The U.S. Senate unanimously passed the FDA Modernization Act 2.0, S.5002 on September 28. As we shared last month, open letters were sent from biotech industry leaders and the the Jane Goodall Institute and Vivodyne to the HELP committee in charge of negotiating the FDASLA in the Senate.
A growing number of stakeholders have voiced their support for the FDA Modernization Act. These include influencers from the biotech industry, nonprofits, and academia. For instance, open letters were sent from biotech industry leaders and the the Jane Goodall Institute and Vivodyne to the HELP committee in charge of negotiating the FDASLA in the Senate. That is in addition to the public support to the FDA Modernization Act from entities such as the BICO group and Emulate, Inc, committed to promoting 21st century alternative methods to animal testing.
Importantly, the passage of FDA Modernization Act in both the House and Senate is required for the advancement of this important bill to the next step in the legislative process. With this new development in the Senate, the path is now open for the inclusion of the FDA Modernization Act 2.0 in this year’s Congress Conference report, a summary of agreements on legislation negotiated between the House and Senate. In turn, such progress would pave the way for the FDA Modernization Act 2.0 to be approved by the executive branch, ultimately enabling this legislation to become an enforceable law, possibly this year.

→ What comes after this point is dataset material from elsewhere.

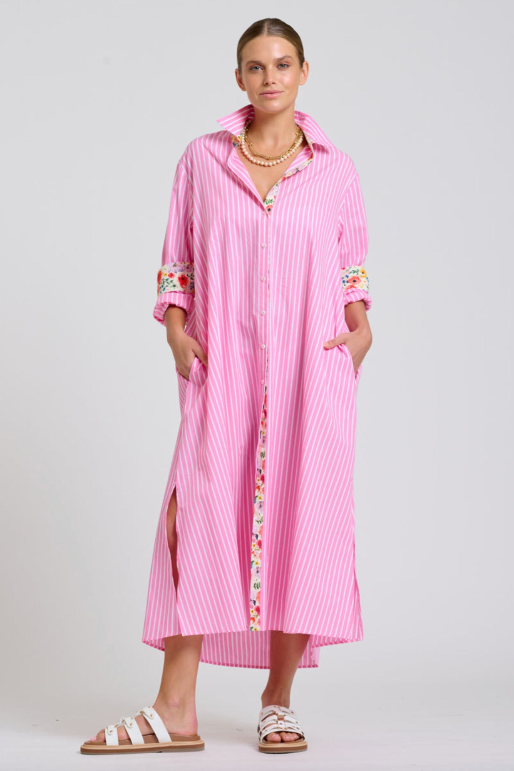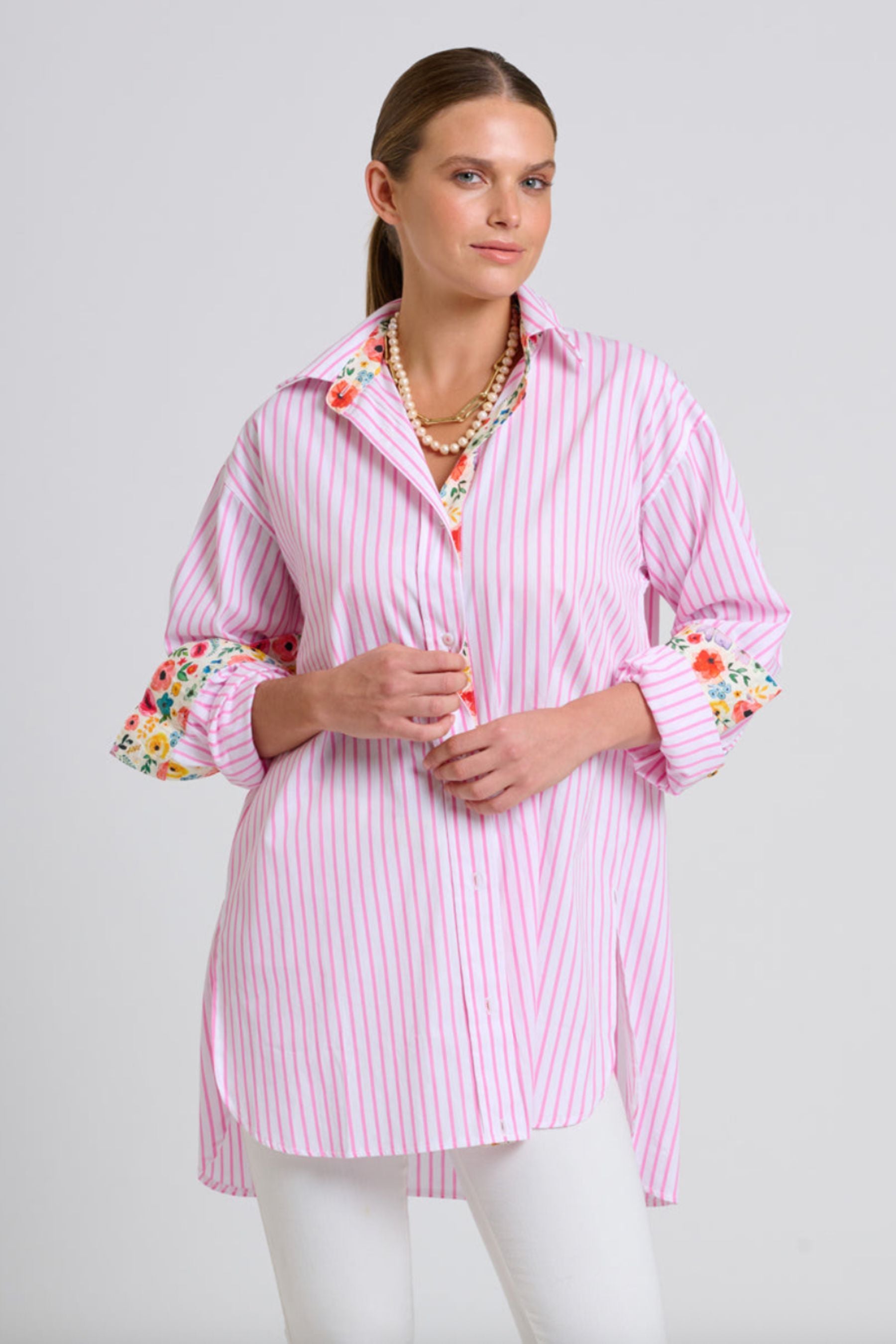 The Luna Longline Shirt Dress | Pink Stripe Floral Trim

“This welcomed development is excellent news for scientific innovation and a key step forward towards making the FDA Modernization Act 2.0 the law of the land – which would facilitate developing safer and more efficacious drugs, faster and with reduced cost,” said Dr. Zaher Nahle, Chief Science Officer at the Center for Contemporary Sciences (CCS). “It is essential that we double our efforts now to reduce any barriers that might come up next in the legislative process and continue to advance legislations that bolster disruptive medical technologies.”